Because of the format, respondents self-identified these conditions. Tinnitus was described as ringing or buzzing in one or both ears that lasts

more than five minutes at a time and is currently experienced at least some of the time. Hearing loss was based on self-reporting of difficulty hearing. Approximately one-third of Biobank participants completed a test of speech understanding in noise, and these results were found to be similar to self-reporting. Assessment of diet consisted of a detailed questionnaire about 200 common food and beverages consumed in the previous 24 hours. Other health conditions were derived from prior medical diagnosis or common signs and symptoms of the condition.

Analysis of nutrients associated with tinnitus indicated that people eating foods with vitamin B 12 were less likely to report tinnitus. People who ate more fat, calcium, and iron tended to be more likely to have tinnitus. The researchers also added reported hearing difficulties as a variable to see whether dietary associations with tinnitus were dependent at all on hearing. However, results did not change significantly. This suggests that any effects of diet on tinnitus are independent of hearing.

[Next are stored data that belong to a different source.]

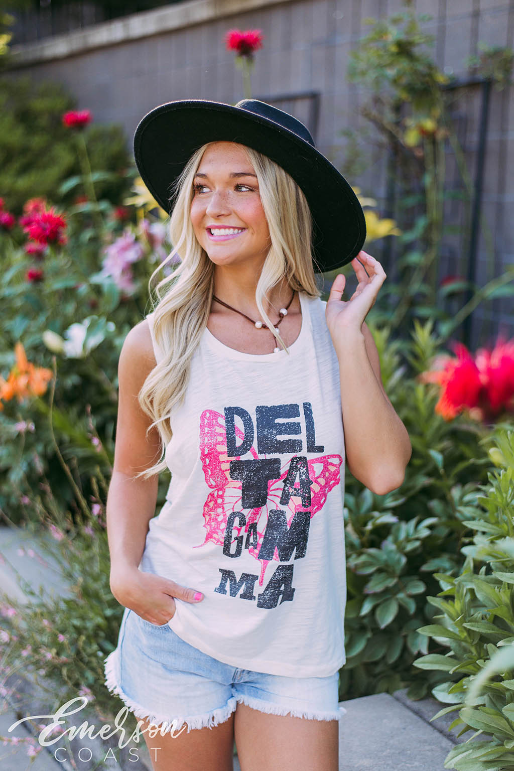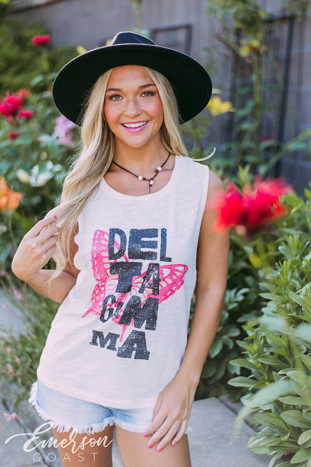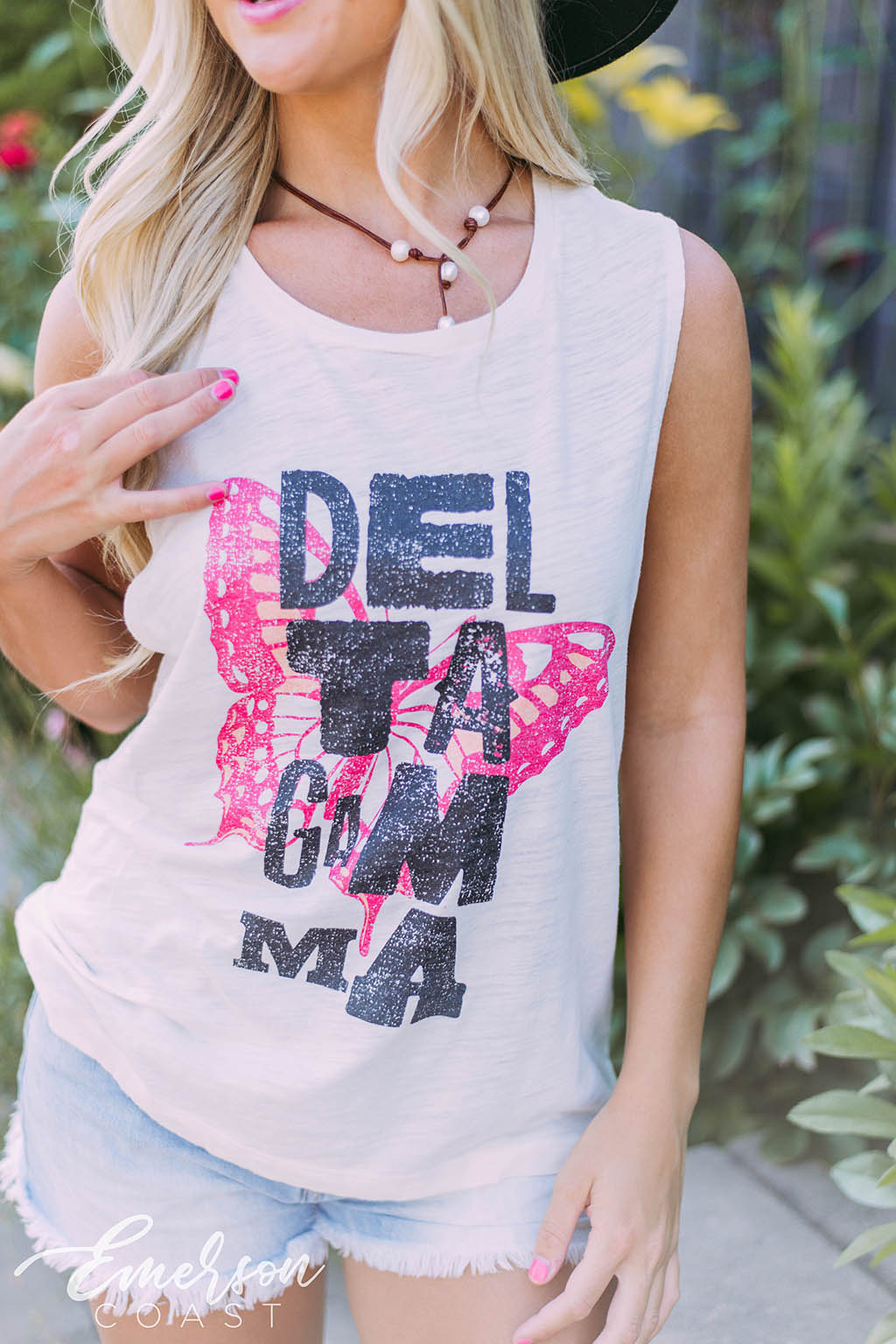 Fly away with the Delta Gamma Butterfly Muscle Tank!
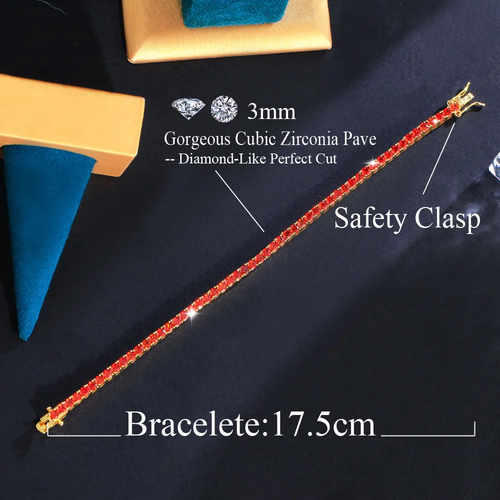 3A Top Quality Cubic Zircon Prong Setting Round 3mm Red CZ Stone Tennis Chain Link Bracelets for Women Engagement Party Jewelry
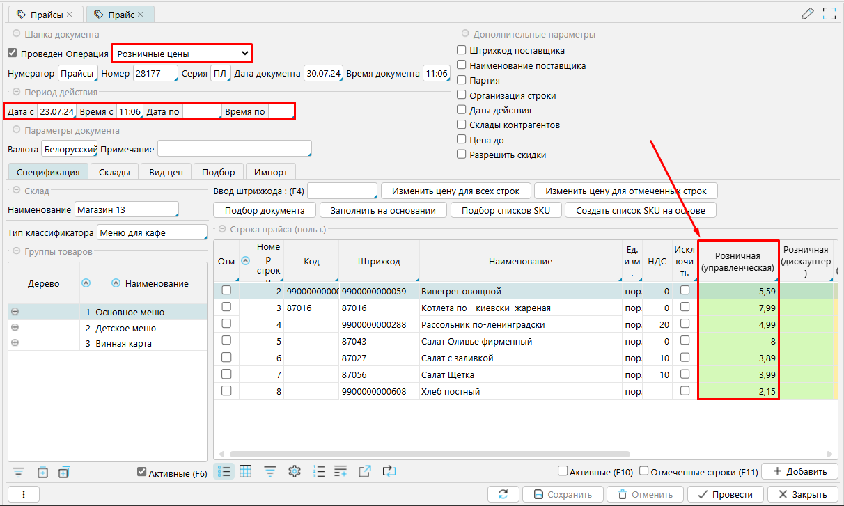 Устанавливаем действующие цены.
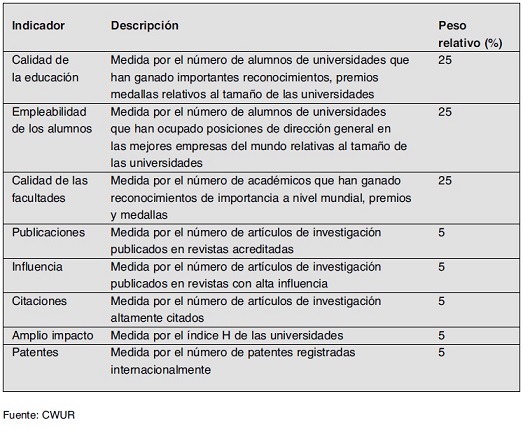 El Center for World University Rankings (CWUR) mide desde 2012 la calidad de la educación y la formación de estudiantes al igual que el prestigio de los miembros de las facultades y la calidad de sus investigaciones sin depender de encuestas y datos suministrados por las universidades. 8 El CWUR usa ocho objetivos e indicadores para clasificar las principales mil universidades a nivel mundial.
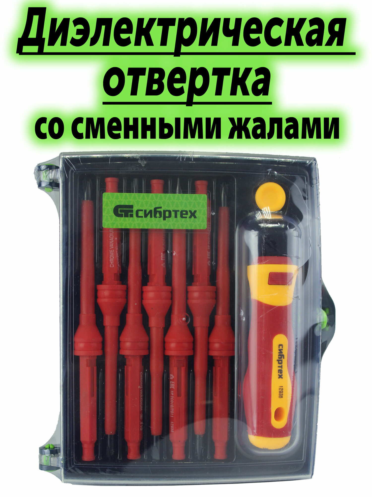 Отвертка со сменными жалами Сибртех диэлектрическая до 1000 В, 9 предметов, CrV 12938
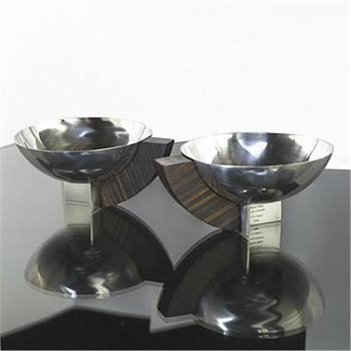 Desny<BR>cups, pair<BR>Maison Desny<BR>France, c. 1935<BR>silverplate, macassar ebony<BR>5"w x 4"d x 2.25"h<BR>Impressed signature to each: [Desny Paris Made in France Metal Argente Depose].<BR><BR><BR><BR><BR>
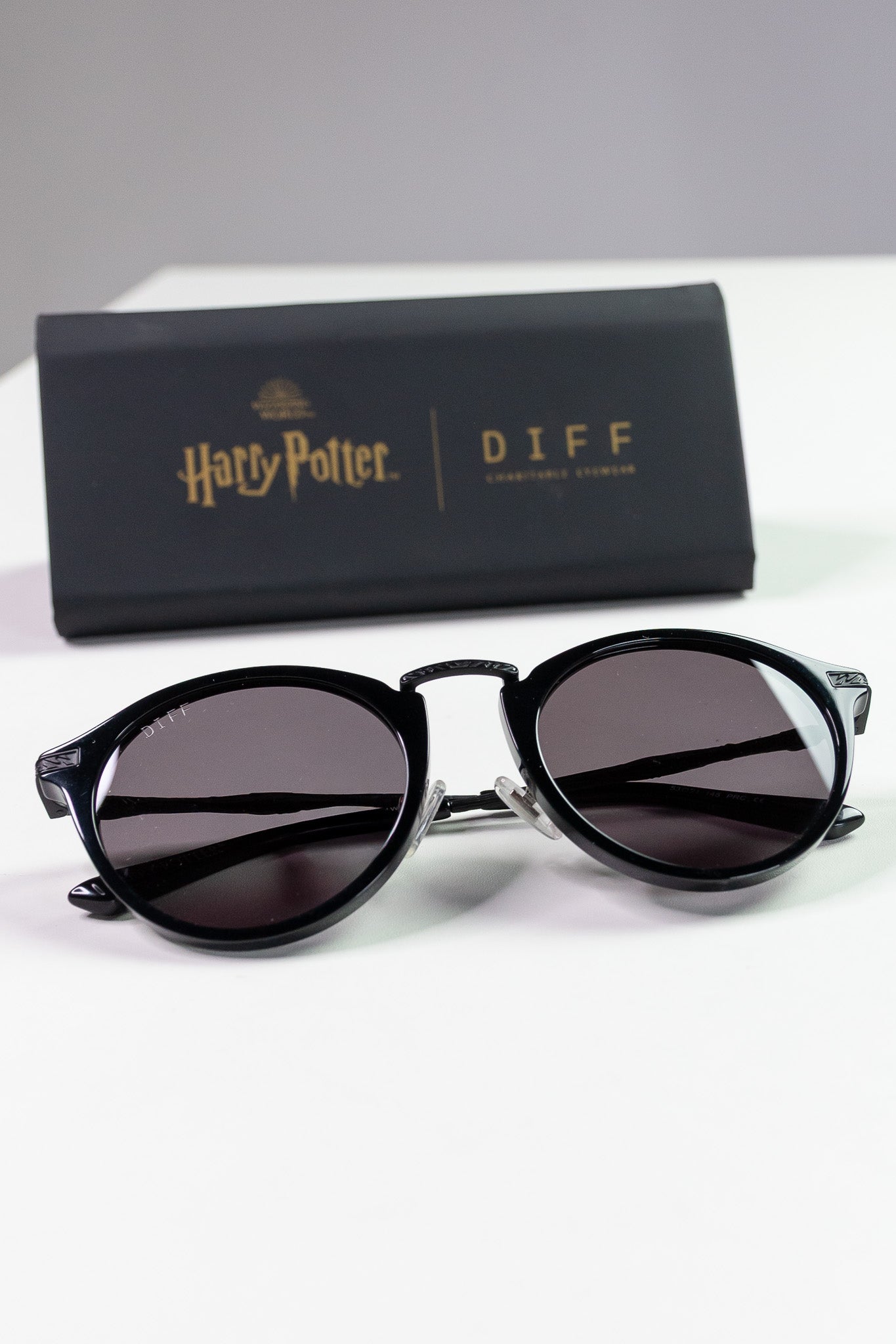 Enter the "Wizarding World" of Harry Potter wearing DIFF's iconic new sunglasses! Designed in a round hand-cut acetate and stainless steel frame, these sunglasses feature unique arms made to look like wands and are accented with a lightening bolt at the end. Crafted in a sleek tuxedo black frame and Yule Ball grey lens made of premium scratch resistant polymer. These glasses come with a black travel case with the Harry Potter emblem stamped on the front and symbols on the interior. Also comes with a logo cleaning cloth.
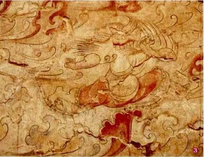 以元氏墓志榜题其名的“奇怪”为比照,壁画“烏獲”前方一个怒目奋翅的怪鸟,便是“唅噙”。驭龙仙人前面开路的一个,也可与墓志中的“拓遠”对应。其实壁画中的“奇怪”,都可以如此类比。推想壁画的绘制,应是工匠既有一个流行的粉本以及名目可依凭,又有充分的发挥想象之空间。
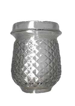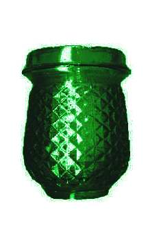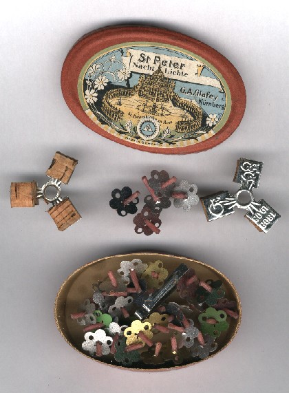 Assorted glass "Christmas Lights". These units held water and cooking oil, and the wick device shown below was floated on top. When lit, these lights give a beautiful, sparkling effect in a darkened room. All of these examples are American, and date circa 1905. Other common uses of these delightful lights were as welcoming beacons on walkways and porches, window or mantle lights. In addition to the use of oil and water, some people used small candles, similar to the votive candles we use today. Other popular names for these lights are "Fairy Lights" and "Candle Cups". Below is a German made floating wick kit for use with the Christmas Lights All of the Christmas Lights shown above are in the "quilted" or "diamond" pattern, just one of the many pressed, mold blown or free blown patterns that collectors seek today. There were even lights molded in the likeness of popular political figures of the day, including Queen Victoria.
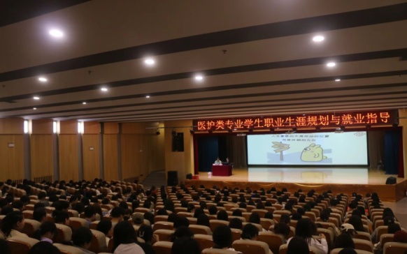 为帮助大二学生明确职业意向、了解当前就业形势、提升就业竞争力,9月20日下午,澳门电子pg游戏官网联合医学院在图书馆报告厅,特约陕西纵享母婴管理集团李小妮总经理为500多名医护类学生开展了大学生职业生涯规划与就业指导的讲座。讲座由澳门电子pg游戏官网招生就业科科长何宇主持。

Similar to tinnitus, eating fat and saturated fat were linked with more frequent reporting of hearing loss. Eating foods with vitamin D or high protein was associated with fewer reports of hearing loss. As may be expected, when the researchers analyzed the data looking for associations of diet with both hearing loss and tinnitus, similar associations were found with the exception of vitamin B 12 correlating with poorer hearing and high-protein diet no longer being associated with hearing.

Further research would be needed, of course, to determine whether the nutrients identified in this study may make someone more or less susceptible to hearing loss and tinnitus or perhaps whether a completely different factor may even be common to each. Perhaps people who eat more poorly are more social and exposed to a greater amount of loud noise. Nonetheless, there appears to be a correlation between diet and hearing loss and tinnitus. This study offers a stepping-stone to more advanced research looking at whether and how we might change diet to be less susceptible to these conditions.

1 P. Dawes, K. Cruickshanks, A. Marsden, D. Moore, & K. Munro. (2019). Relationship between diet, tinnitus, and hearing difficulties. Ear & Hearing, 41(2), 289–299.